[Directions]:
The task for the listing below is to write out exactly the lines starting at the one containing "Tecnologia de auto-regulação" and ending at the one containing "Tischdeko Set Kommunion", both included. Pictures are to be omitted.

[Entries provided]:
________________________

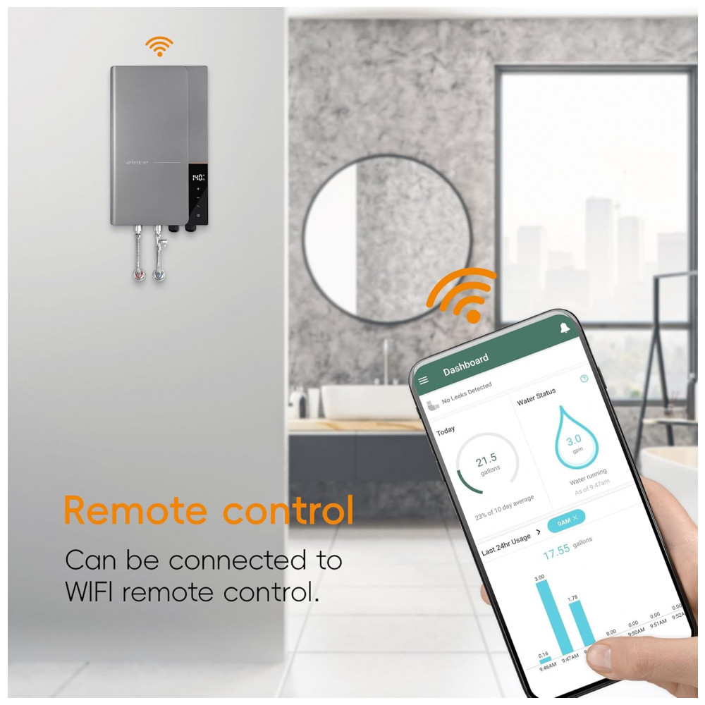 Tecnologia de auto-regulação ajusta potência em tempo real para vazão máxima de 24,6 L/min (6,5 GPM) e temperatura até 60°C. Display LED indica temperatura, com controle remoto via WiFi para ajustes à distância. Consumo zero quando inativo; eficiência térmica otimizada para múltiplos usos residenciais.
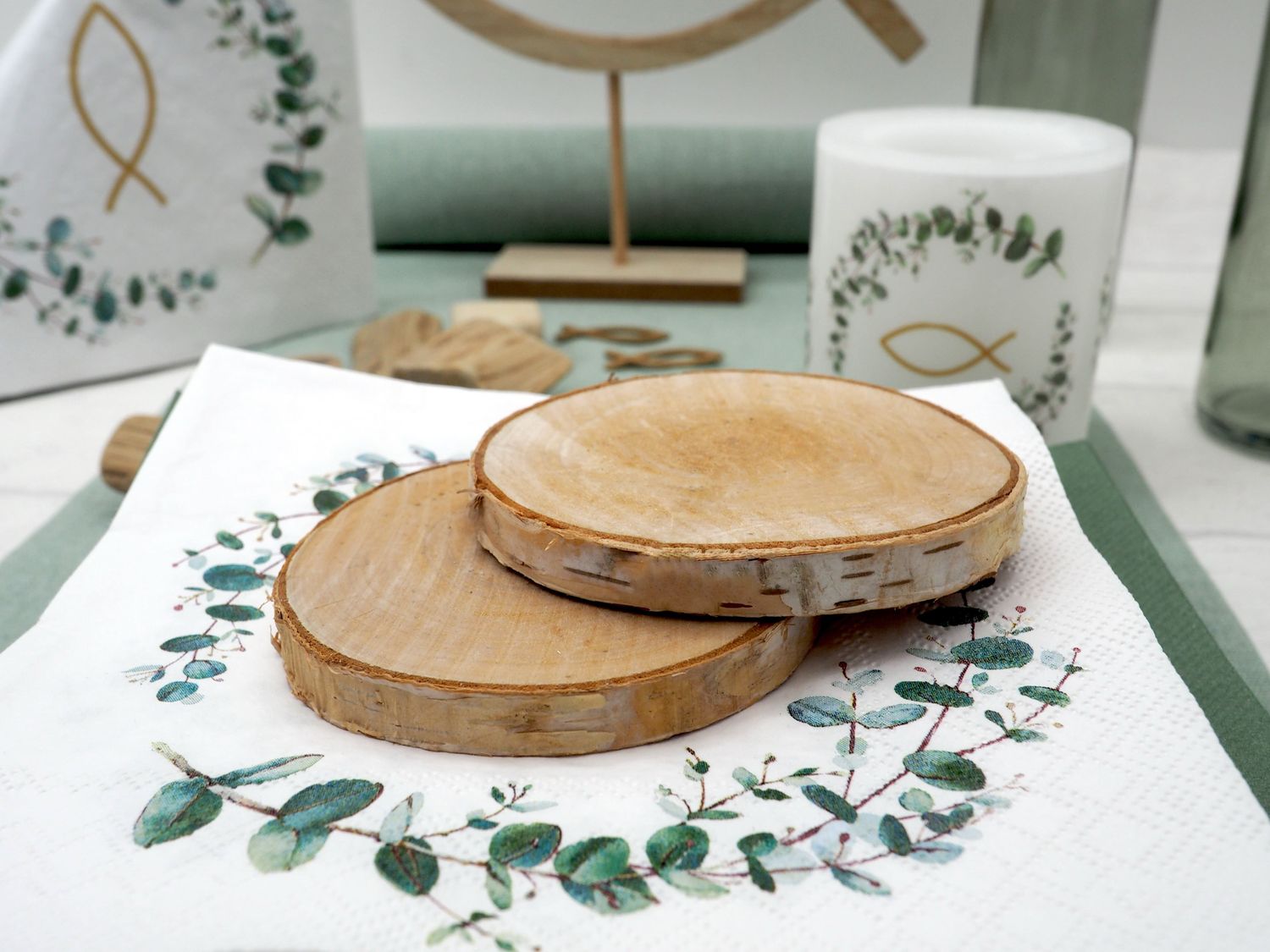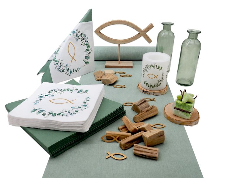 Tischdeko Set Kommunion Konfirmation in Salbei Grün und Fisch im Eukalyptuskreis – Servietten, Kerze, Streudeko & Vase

________________________

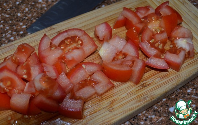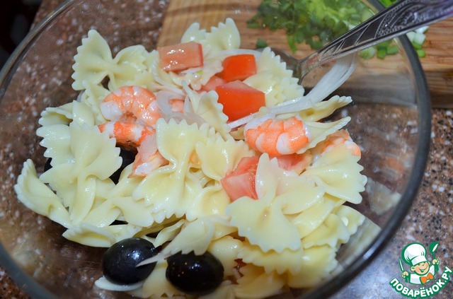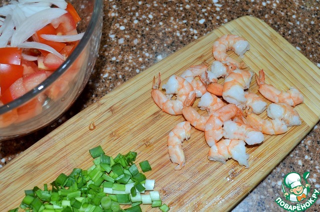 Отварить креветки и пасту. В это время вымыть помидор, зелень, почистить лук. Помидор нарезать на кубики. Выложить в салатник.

________________________

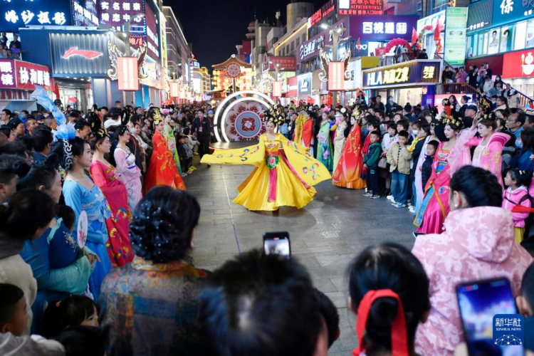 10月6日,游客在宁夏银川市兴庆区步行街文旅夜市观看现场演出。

________________________

[Answer below]:
 Tecnologia de auto-regulação ajusta potência em tempo real para vazão máxima de 24,6 L/min (6,5 GPM) e temperatura até 60°C. Display LED indica temperatura, com controle remoto via WiFi para ajustes à distância. Consumo zero quando inativo; eficiência térmica otimizada para múltiplos usos residenciais.
 Tischdeko Set Kommunion Konfirmation in Salbei Grün und Fisch im Eukalyptuskreis – Servietten, Kerze, Streudeko & Vase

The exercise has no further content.